Jottings By An Employer's Lawyer

Wednesday, March 20, 2013

Stipulating Your Way Out of Federal Court


In certain parts of Texas, it is not uncommon for plaintiffs to stipulate that they will not demand or accept an amount in excess of $74,999.99 in order to avoid the amount in controversy requirement when the grounds for removal is diversity.
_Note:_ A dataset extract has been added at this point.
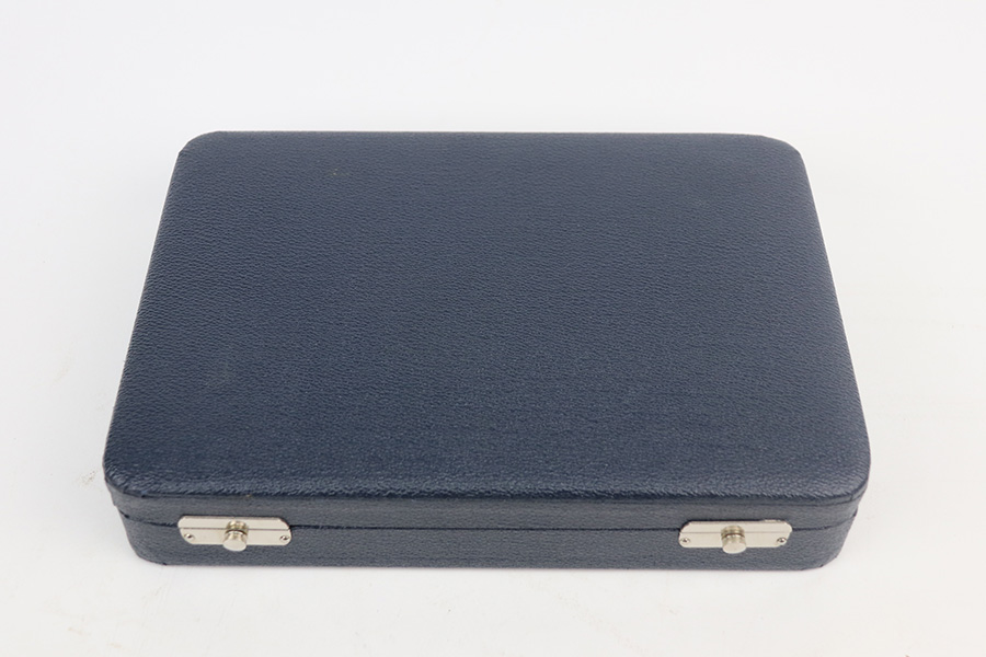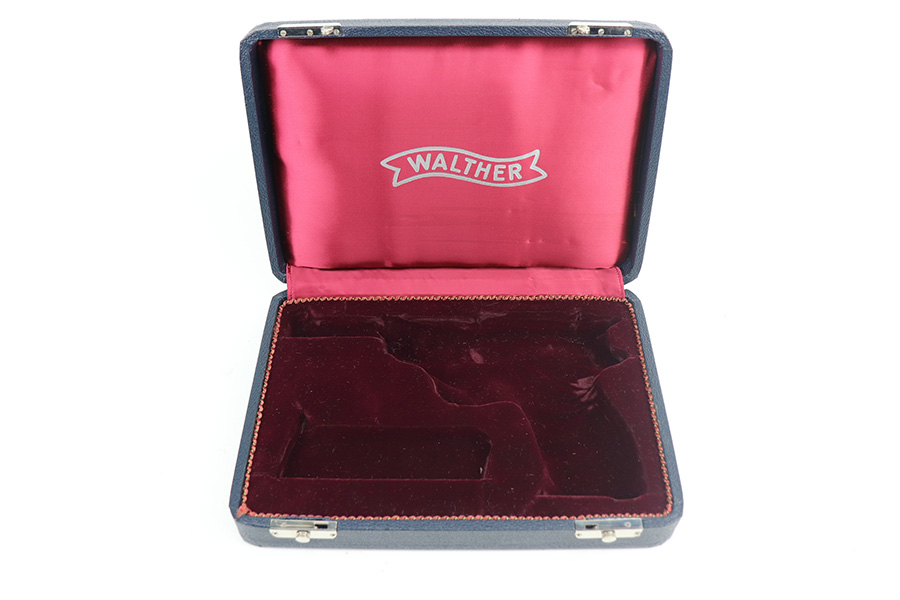5/12/21 – This is an original Walther P.38 presentation case. This case has blue stretched leather on the exterior and red interior. There’s some mild wear along the edges of the exteriors, and normal signs of use having previously held a pistol. The case is a great way to display, store, or gift a Walther P.38.

It works, and yesterday was explicitly sanctioned by the U.S. Supreme Court in The Standard Fire Insurance Co. Knowles (3/20/13):
Knowles also points out that federal courts permit individual plaintiffs, who are the masters of their complaints, to avoid removal to federal court, and to obtain a remand to state court, by stipulating to amounts at issue that fall below the federal jurisdictional requirement. That is so.  ... But the key characteristic about those stipulations is that they are legally binding on all plaintiffs.
But that was really not the point of the holding, just an explanation along the way to the real holding of the Court in Knowles: a plaintiff filing a Rule 23 class action, can not avoid federal jurisdiction by stipulating to an amount in controversy less than the $5 million threshold for removal under the Class Action Fairness Act of 2005,  CAFA for short.

In a straight forward and unaminous decision, Justice Breyer makes a simple point. In order to avoid federal court the stipulation must be binding and no one has the power to bind future members of a class at the time of filing.